I have learned from many years dealing with clients, that as we develop a relationship, our motives and the outcome we are pursing become beneficial for each of us.  It is from wisdom and experience that I will develop the plans that the outcome being pursued will become a reality.

I encourage clients to set retirement goals that, when reached, will be sufficient for not only retiring but remaining retired for many years.  There is usually much more included in a plan  of  retirement than just income.  Other things to consider are:  spouse, family, the possibility of needing long-term care, and unforeseen needs.  These are only a few of the items to be included in a workable retirement plan.

It would be nice if each person could just adopt a plan that fits someone else and the goals they have.  Unfortunately, that does not always work because each of us have different goals and needs.

Have a great day!


December 15, 2015

John Maxwell Leadership Bible:  (Proverbs 15:1-7)

God rightly expects leaders to manage conflict within their organizations.  But how can you best accomplish this?

A good place to start is Proverbs 15:1–yet while we often quote this verse, we seldom practice it.  Sometimes only the leaders are given  liberty to express anger; and sooner or later this kind of unhealthy environment comes back to haunt them.  Leaders must create safe places for communication.  Master communication and  you manage conflict.  Look at the first seven verses of Proverbs 15 and not its counsel about managing conflict:

  1.  Remain calm and gentle when confronting conflict, and your example will become contagious (v.1).
  2. Speak  wisely, making sure your information is  truthful and accurate (v.2).
  3. Remember, God is the  ultimate judge and will execute justice (v.3.)
  4. Use your words to  foster healing; fix the problem, not the  blame (v.4).
  5. Stay teachable; be open to correction and quick to apologize when wrong (v.5).
  6. Add value to everyone who contacts you, even when you disagree (v.6).
  7. Speak words that spread knowledge and understanding (v.7).


I have found from experience when  dealing with clients on retirement planning that communication is the most important in the process.  Remaining calm when a conflict arises is contagious and improves the relationship  with my clients.  Being truthful and  accurate is necessary  at all times and circumstances.

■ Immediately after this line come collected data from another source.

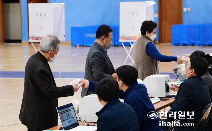 제3회 전국동시조합장선거일인 8일 선거인들이 제주시 한라체육관 보조경기장에 마련된 오라동 투표소를 찾아 투표하고 있다. 강희만기자
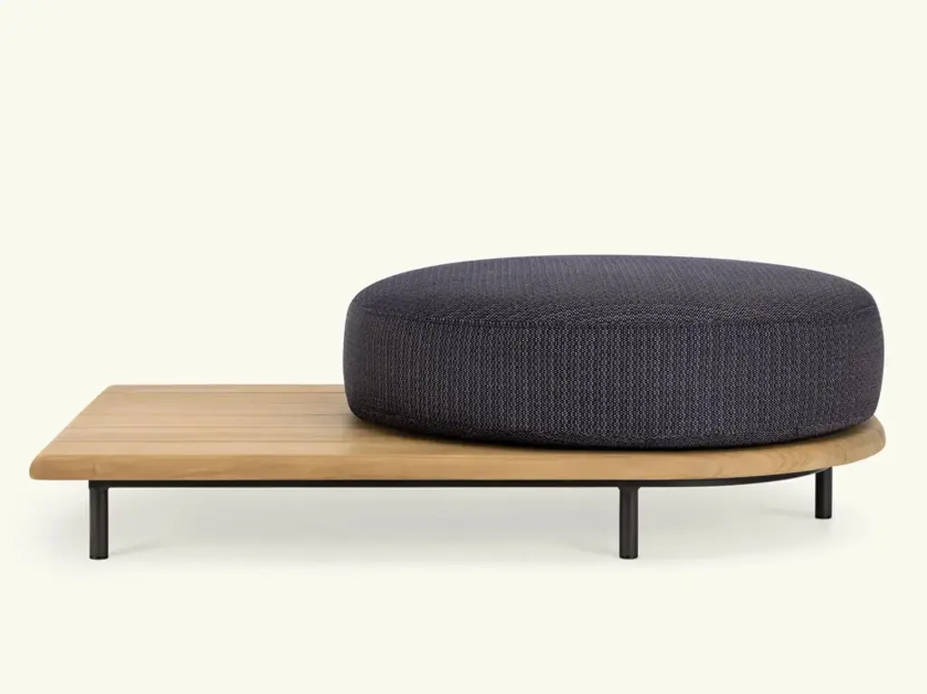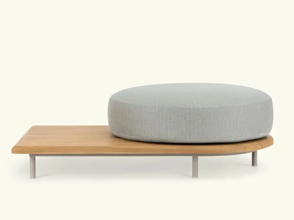 Rada is a garden pouf composed of a low coffee table with metal structure and wooden slat top and a removable cushion with outdoor quick dry foam padding (anti-humidity) with Sunproof Olefin fabric (100% polypropylene).Colors:7000007 - Rada coffee table with round beige cushion7000010 - Rada coffee table with round aquamarine cushion7000013 - Rada coffee table with round blue cushionA living room without walls: the Rada collection reinvents the outdoor space as if it were a room in the house. Elegant and cozy. Rada draws The name from the natural cove that gives shelter to ships and echoes its cozy shapes. The sofa, an iconic element of the collection, through its modular design offers the possibility of configuring the outdoor space in different hospitality situations, like a real living area.The collection consists of lounge area, dining area and loungers. The whole line is generous in character, which is evident in the size, depth and softness of the upholstery. Different combinations of materials: teak base and tops, aluminum frame softened by a weave in the back of the sofas and thin padding in the dining area seats.
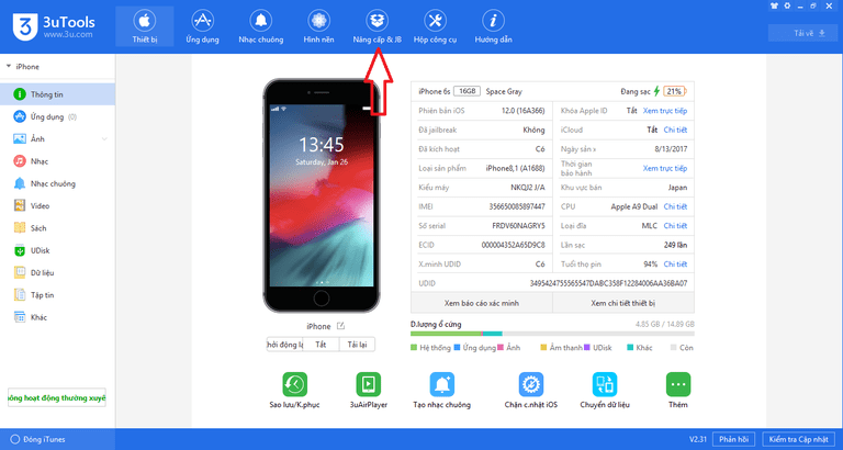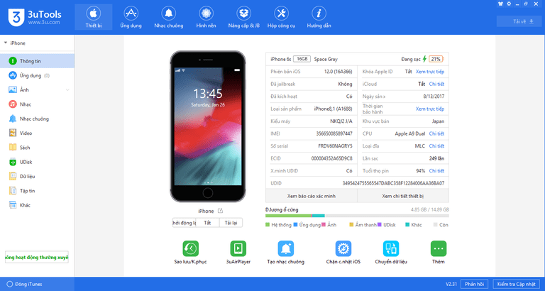 B1: Kết nối điện thoại với máy tính bằng phần mềm 3uTools
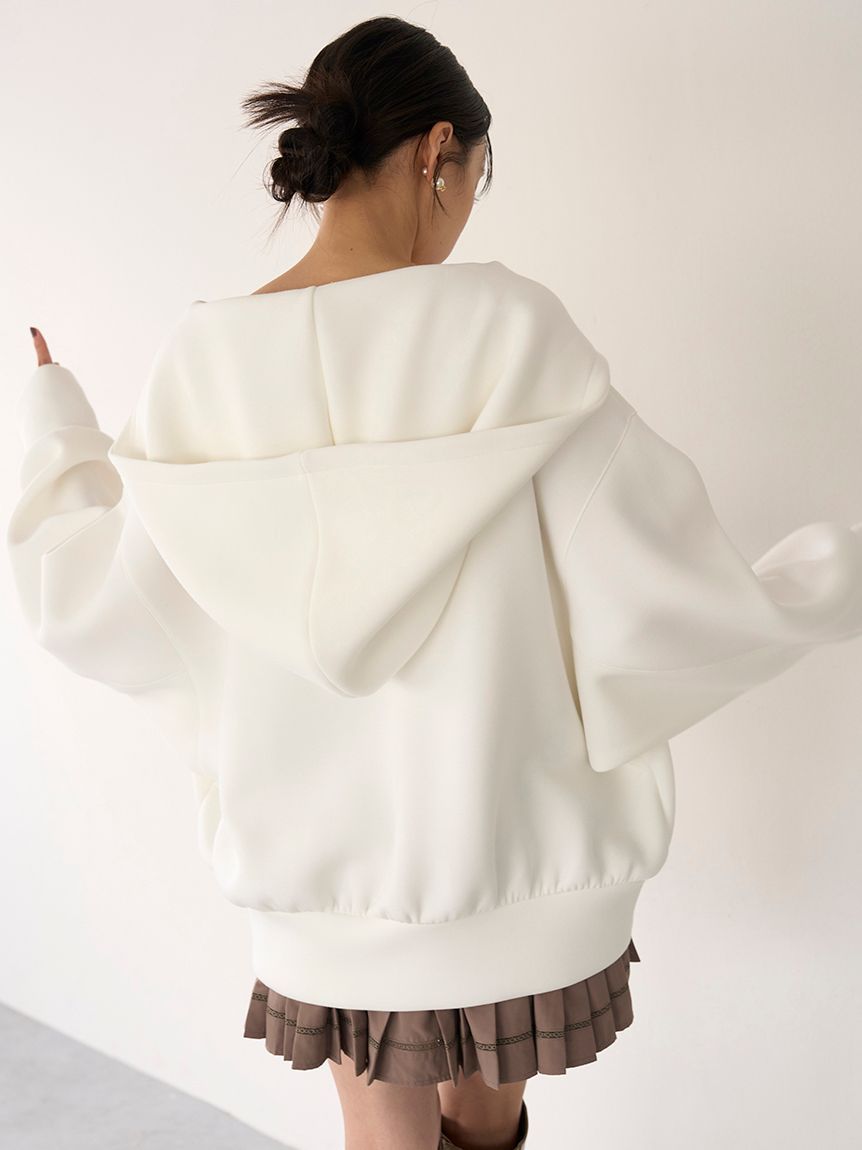 採用柔軟有彈性的雙層針織布製作,再次推出人氣立體連帽款。寬鬆版型巧妙修飾身形,高領與大帽兜設計增添臉部比例修飾效果。

When problems arise, it is  best to  fix the problem and not try to place blame for the circumstances.  I strive to  always be teachable and  open  to correction, being quick to apologize when wrong.

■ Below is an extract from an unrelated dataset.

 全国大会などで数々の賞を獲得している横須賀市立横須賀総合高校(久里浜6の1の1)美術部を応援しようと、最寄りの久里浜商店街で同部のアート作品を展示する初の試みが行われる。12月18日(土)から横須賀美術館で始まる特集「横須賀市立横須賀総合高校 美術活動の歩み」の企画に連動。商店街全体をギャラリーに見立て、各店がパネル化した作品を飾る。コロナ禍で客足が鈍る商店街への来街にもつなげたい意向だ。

I try  to place value to everyone who contacts me and arrive at the  best plan even where there is disagreement.  Disagreements that cannot  be overcome results in a plan that will not achieve the goals being sought.  These disagreements can  be overcome with words that share the knowledge and  experience that has been achieved through years of developing plans that achieve these goals.

There are no “cookie cutter” plans that are designed to fit all clients.  Each  plan  must be designed and implemented to achieve each individuals goals to  reach retirement with  enough  funds and income to make certain  the retiree can remained retired.  Each case is challenging and brings excitement in achieving the desired goals.

Have a great day!


December 11, 2015

John Maxwell Leadership Bible:  (Proverbs 11:14)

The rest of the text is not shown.